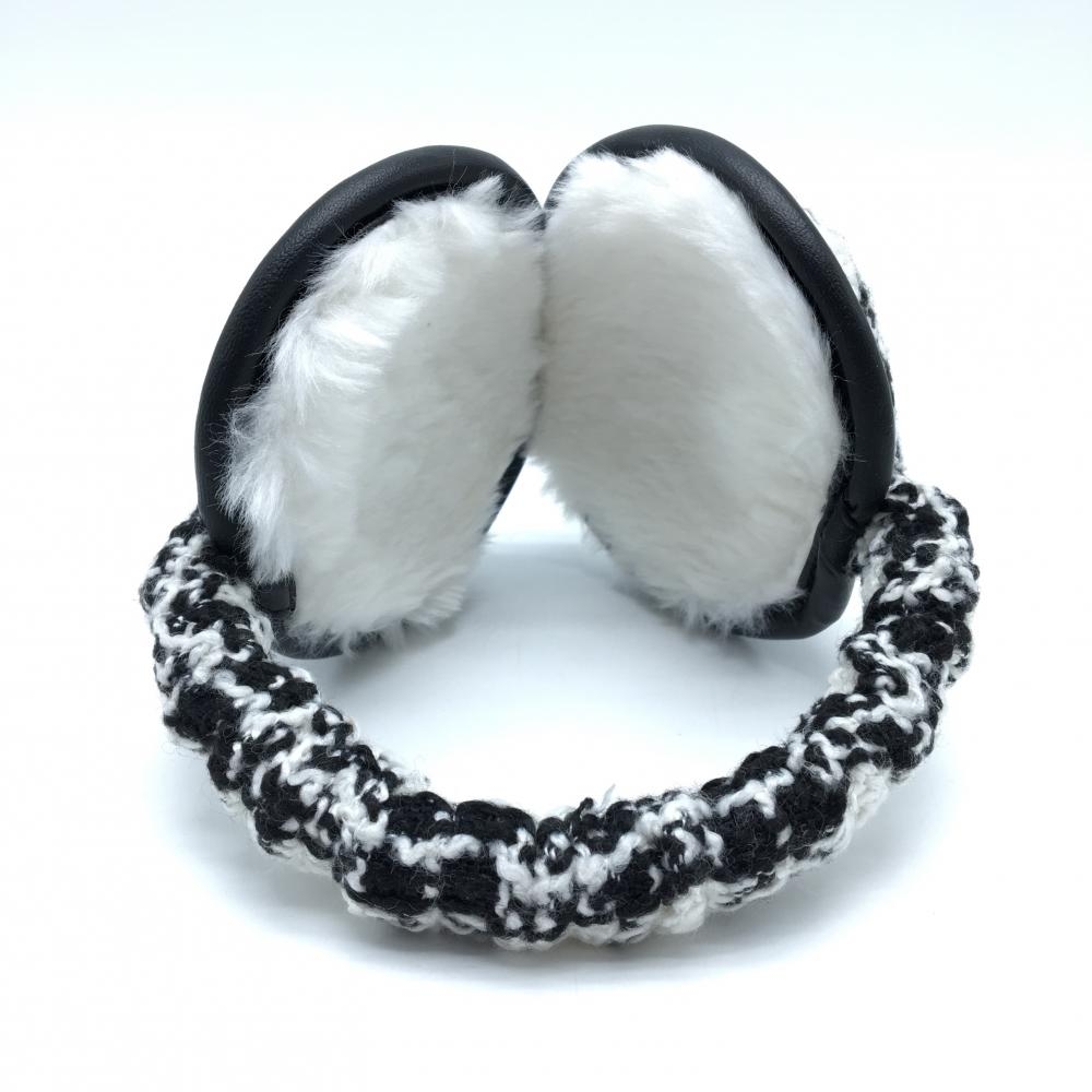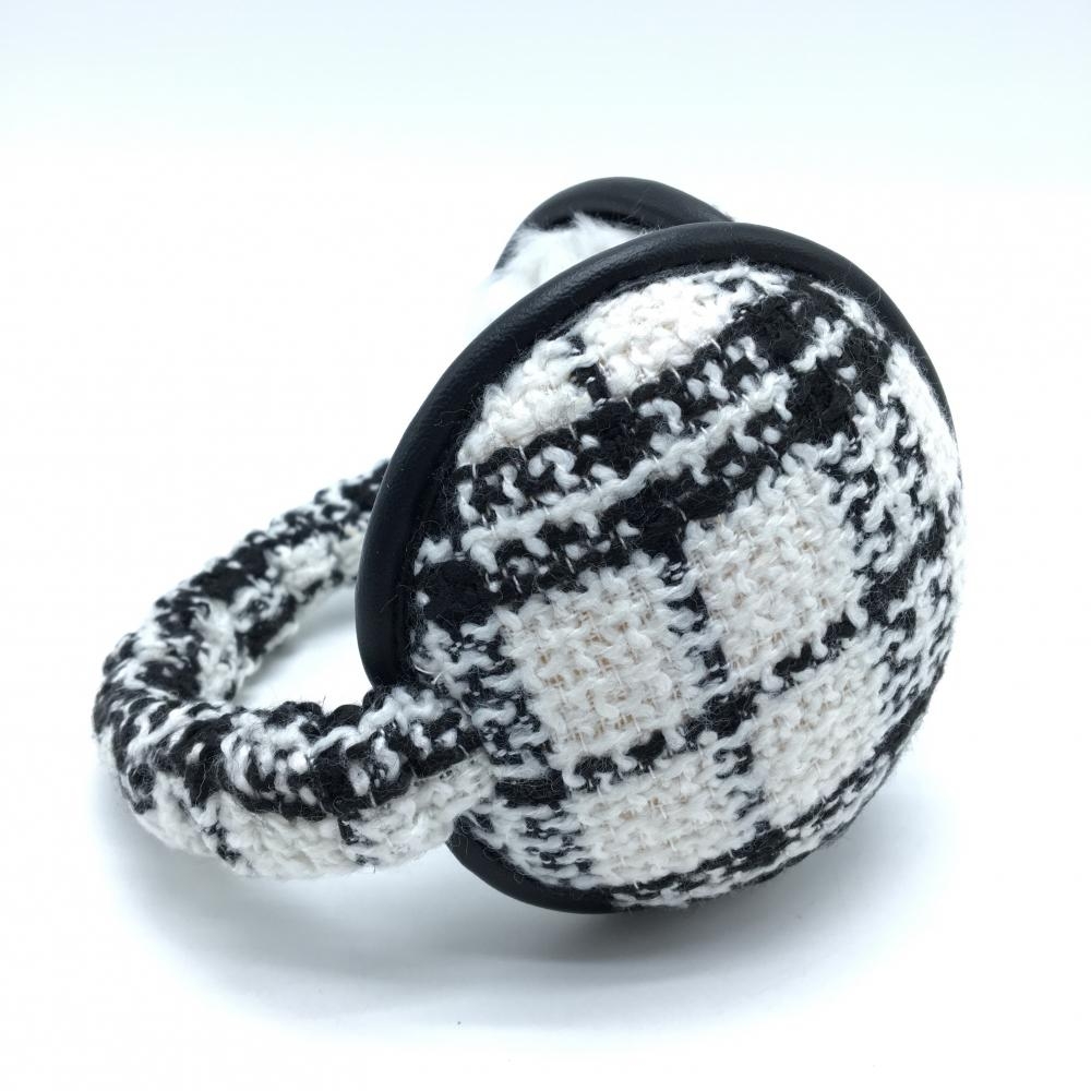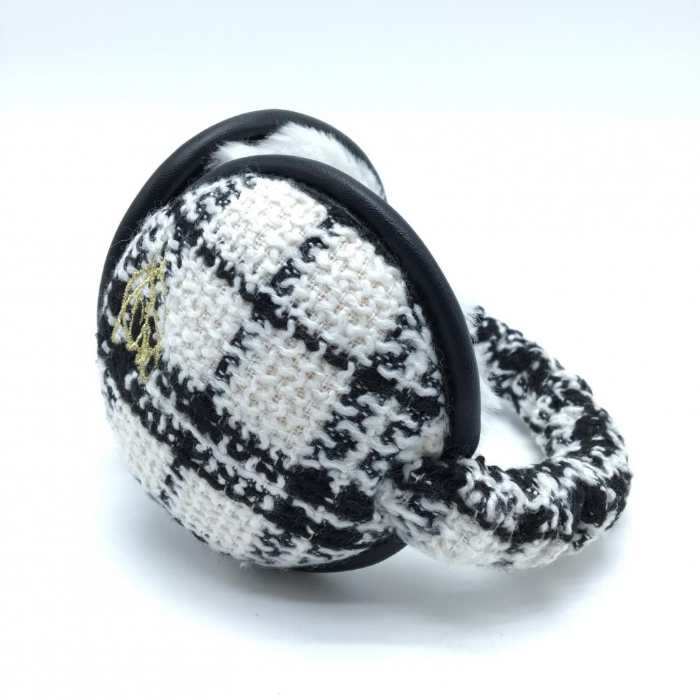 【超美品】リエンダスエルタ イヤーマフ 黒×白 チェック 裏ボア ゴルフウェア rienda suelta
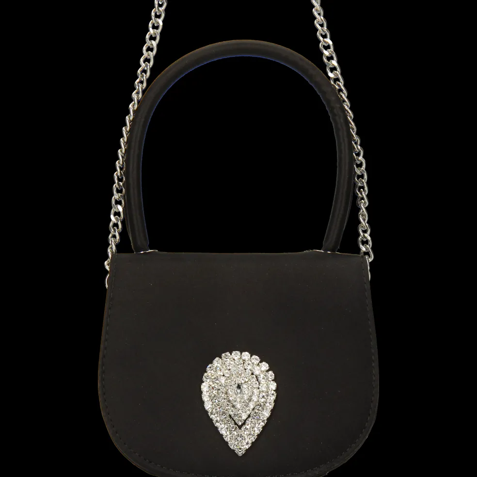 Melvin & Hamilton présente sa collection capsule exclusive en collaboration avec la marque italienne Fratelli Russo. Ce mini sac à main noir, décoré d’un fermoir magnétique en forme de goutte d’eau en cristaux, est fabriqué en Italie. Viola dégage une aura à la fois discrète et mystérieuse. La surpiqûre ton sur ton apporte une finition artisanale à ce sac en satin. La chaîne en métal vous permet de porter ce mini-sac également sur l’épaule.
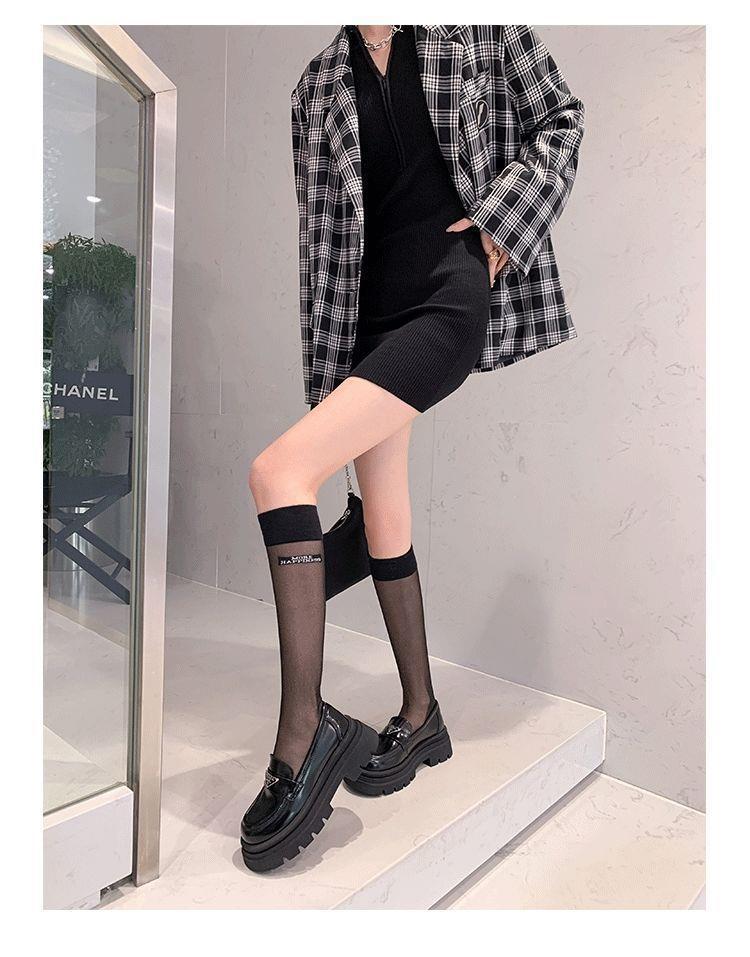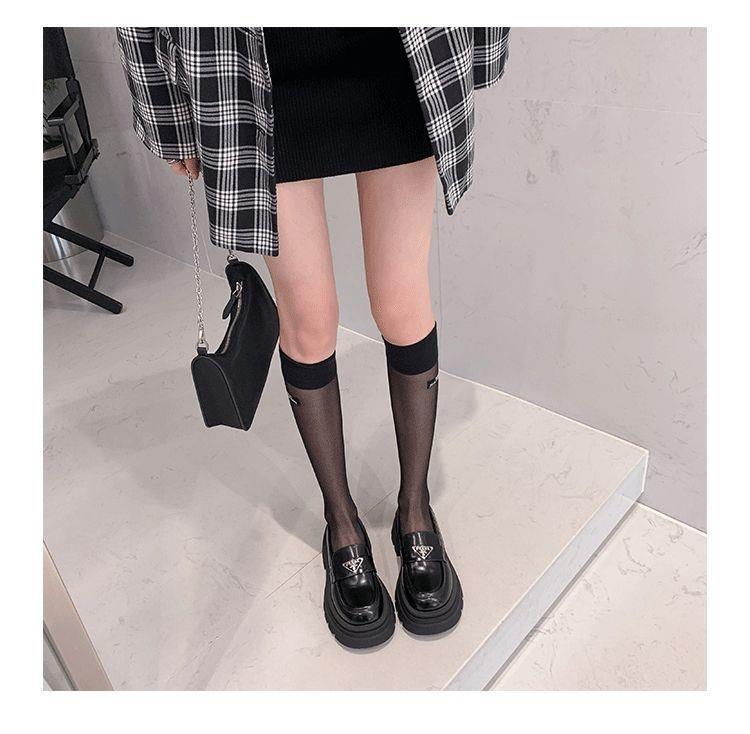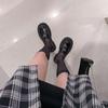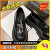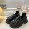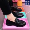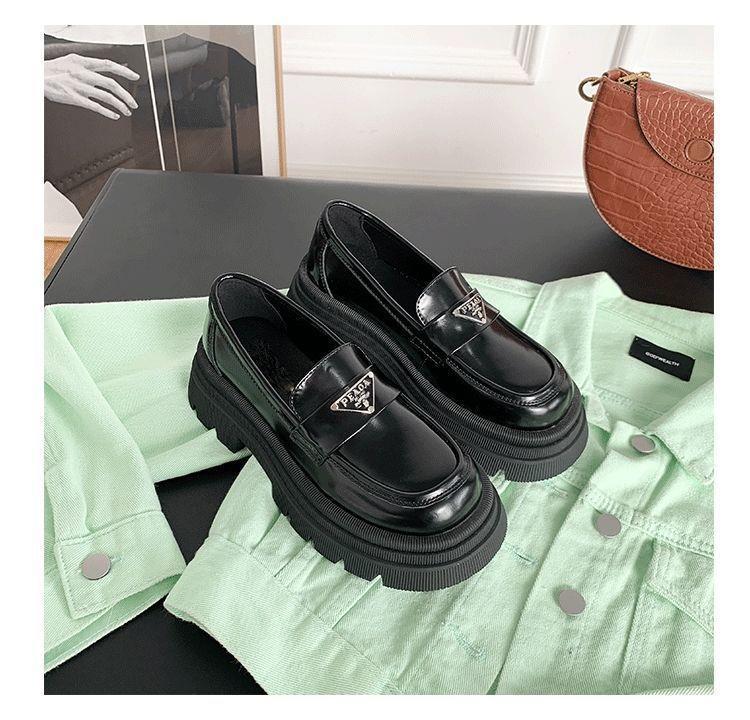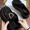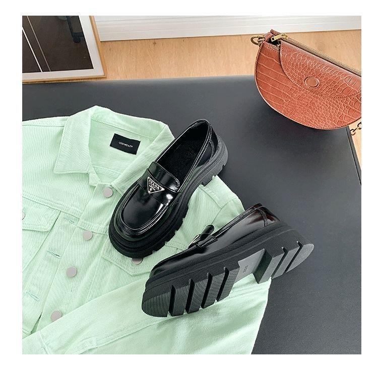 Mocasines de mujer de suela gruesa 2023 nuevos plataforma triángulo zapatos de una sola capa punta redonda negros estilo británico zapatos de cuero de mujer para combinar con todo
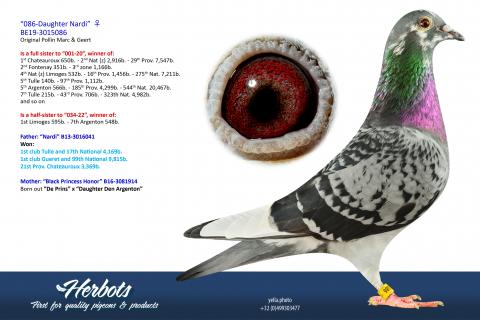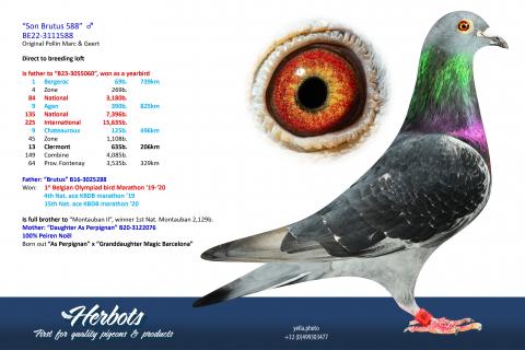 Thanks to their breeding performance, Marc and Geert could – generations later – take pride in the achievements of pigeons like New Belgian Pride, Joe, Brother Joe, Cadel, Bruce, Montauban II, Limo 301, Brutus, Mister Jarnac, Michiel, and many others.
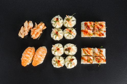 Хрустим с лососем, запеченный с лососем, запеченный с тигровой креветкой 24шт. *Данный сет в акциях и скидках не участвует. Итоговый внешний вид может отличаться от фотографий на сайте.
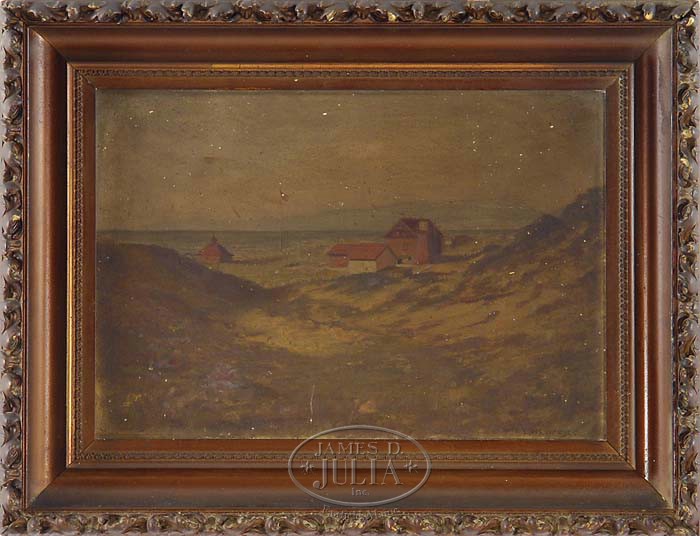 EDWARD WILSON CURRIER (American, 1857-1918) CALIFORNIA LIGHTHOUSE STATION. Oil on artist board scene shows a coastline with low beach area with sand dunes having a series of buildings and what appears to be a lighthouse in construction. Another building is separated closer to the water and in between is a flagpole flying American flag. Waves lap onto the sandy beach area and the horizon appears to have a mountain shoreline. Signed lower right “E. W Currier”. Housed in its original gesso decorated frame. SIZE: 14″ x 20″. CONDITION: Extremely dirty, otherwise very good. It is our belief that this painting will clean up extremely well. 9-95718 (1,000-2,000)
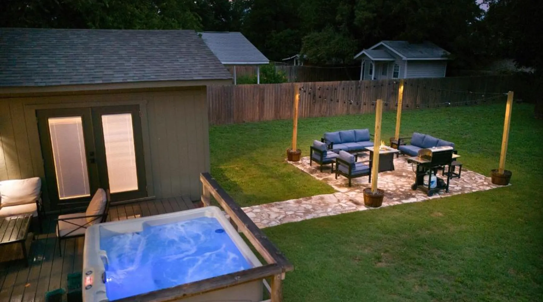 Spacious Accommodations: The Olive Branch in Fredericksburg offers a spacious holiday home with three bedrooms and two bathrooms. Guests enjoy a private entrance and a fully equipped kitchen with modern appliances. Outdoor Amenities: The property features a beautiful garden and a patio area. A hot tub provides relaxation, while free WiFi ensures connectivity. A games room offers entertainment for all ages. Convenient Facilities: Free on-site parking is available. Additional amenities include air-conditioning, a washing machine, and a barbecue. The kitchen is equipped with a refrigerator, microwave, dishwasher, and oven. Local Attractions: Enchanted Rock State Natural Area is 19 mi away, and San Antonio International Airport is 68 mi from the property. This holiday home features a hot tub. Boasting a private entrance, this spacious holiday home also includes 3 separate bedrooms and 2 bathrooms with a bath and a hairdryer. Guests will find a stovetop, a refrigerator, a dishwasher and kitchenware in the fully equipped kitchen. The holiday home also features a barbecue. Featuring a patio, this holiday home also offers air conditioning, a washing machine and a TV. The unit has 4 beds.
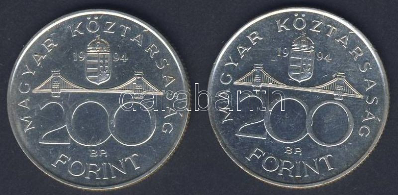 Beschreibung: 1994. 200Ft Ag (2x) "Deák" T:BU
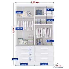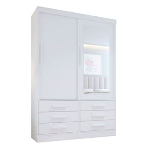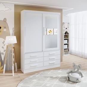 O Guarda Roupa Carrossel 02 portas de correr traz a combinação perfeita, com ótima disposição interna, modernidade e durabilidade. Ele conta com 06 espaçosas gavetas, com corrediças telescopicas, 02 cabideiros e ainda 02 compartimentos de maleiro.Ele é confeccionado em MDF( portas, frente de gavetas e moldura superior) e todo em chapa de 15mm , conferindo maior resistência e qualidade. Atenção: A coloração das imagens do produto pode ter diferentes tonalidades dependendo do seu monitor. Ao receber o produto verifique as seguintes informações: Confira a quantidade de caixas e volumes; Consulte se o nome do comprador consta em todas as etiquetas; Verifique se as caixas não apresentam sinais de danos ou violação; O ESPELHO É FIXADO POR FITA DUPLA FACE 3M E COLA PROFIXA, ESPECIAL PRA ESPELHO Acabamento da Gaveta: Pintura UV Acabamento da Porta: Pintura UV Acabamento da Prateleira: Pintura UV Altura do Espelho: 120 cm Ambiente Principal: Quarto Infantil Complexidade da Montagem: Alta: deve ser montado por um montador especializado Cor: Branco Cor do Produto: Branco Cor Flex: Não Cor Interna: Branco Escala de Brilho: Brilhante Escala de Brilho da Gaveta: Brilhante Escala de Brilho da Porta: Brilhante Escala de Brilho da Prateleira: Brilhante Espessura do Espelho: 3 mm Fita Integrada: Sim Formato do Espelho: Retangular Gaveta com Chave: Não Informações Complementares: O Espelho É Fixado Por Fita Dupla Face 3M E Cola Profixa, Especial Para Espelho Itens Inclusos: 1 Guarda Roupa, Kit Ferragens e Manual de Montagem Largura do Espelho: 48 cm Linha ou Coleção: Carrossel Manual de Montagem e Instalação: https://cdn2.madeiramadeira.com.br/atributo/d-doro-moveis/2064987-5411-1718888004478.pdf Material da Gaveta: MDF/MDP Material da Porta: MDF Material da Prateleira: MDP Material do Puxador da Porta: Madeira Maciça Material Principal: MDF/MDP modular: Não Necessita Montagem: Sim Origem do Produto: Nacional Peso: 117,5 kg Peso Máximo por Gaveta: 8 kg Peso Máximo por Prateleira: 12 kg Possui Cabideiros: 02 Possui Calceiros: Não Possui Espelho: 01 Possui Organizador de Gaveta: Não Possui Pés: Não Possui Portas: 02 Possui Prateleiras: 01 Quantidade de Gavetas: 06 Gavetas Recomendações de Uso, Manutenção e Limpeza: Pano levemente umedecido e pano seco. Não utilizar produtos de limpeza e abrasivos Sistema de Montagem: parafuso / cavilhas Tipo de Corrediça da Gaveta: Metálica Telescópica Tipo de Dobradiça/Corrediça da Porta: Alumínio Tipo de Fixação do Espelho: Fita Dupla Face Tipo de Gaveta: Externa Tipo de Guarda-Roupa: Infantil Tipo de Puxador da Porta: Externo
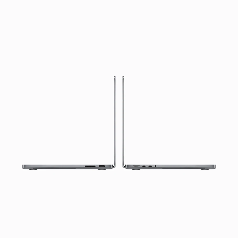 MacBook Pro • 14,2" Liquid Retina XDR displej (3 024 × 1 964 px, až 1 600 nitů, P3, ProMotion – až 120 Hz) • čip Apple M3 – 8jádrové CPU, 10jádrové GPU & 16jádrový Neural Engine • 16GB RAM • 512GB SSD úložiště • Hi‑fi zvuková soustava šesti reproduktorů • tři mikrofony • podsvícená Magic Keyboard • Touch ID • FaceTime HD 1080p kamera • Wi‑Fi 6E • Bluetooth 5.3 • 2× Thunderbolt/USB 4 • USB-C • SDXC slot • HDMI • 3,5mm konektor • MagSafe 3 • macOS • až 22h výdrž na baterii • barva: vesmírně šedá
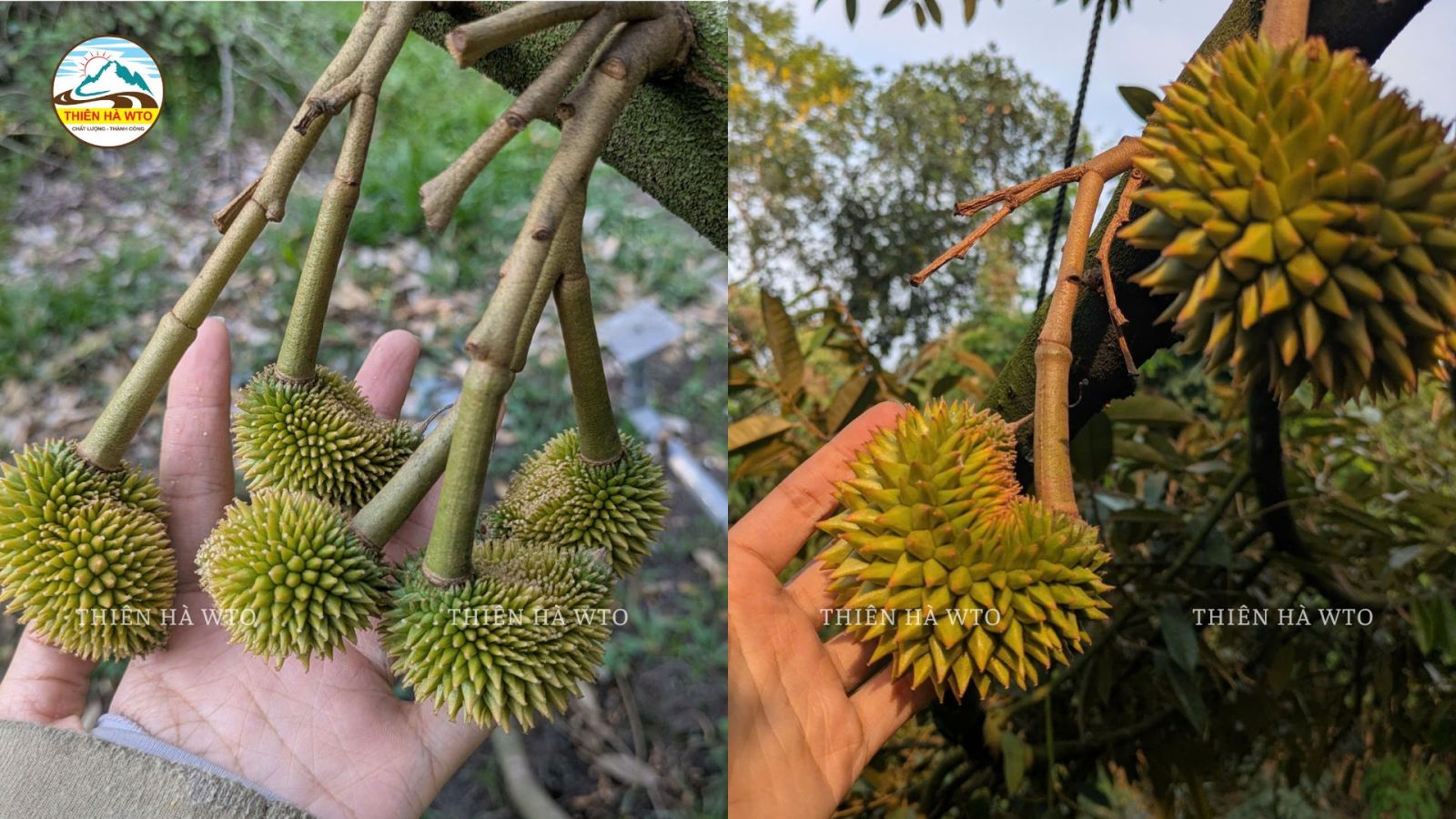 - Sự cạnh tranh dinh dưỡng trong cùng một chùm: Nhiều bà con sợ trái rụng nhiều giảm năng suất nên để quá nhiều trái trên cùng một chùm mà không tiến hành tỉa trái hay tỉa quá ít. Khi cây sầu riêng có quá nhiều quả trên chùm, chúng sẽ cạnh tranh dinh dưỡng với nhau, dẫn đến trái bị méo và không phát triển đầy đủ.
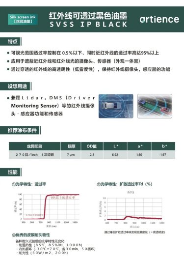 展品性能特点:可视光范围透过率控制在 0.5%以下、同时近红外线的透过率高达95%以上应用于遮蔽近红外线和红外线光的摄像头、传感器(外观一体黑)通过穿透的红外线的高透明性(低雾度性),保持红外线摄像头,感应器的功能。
----------
[Task statement]: Among the entries above, locate the line with "Thanks to their" and the line with "Хрустим с лососем, запеченный". Give those two lines and all lines between them again, exactly, leaving out the pictures.

[Response]:
 Thanks to their breeding performance, Marc and Geert could – generations later – take pride in the achievements of pigeons like New Belgian Pride, Joe, Brother Joe, Cadel, Bruce, Montauban II, Limo 301, Brutus, Mister Jarnac, Michiel, and many others.
 Хрустим с лососем, запеченный с лососем, запеченный с тигровой креветкой 24шт. *Данный сет в акциях и скидках не участвует. Итоговый внешний вид может отличаться от фотографий на сайте.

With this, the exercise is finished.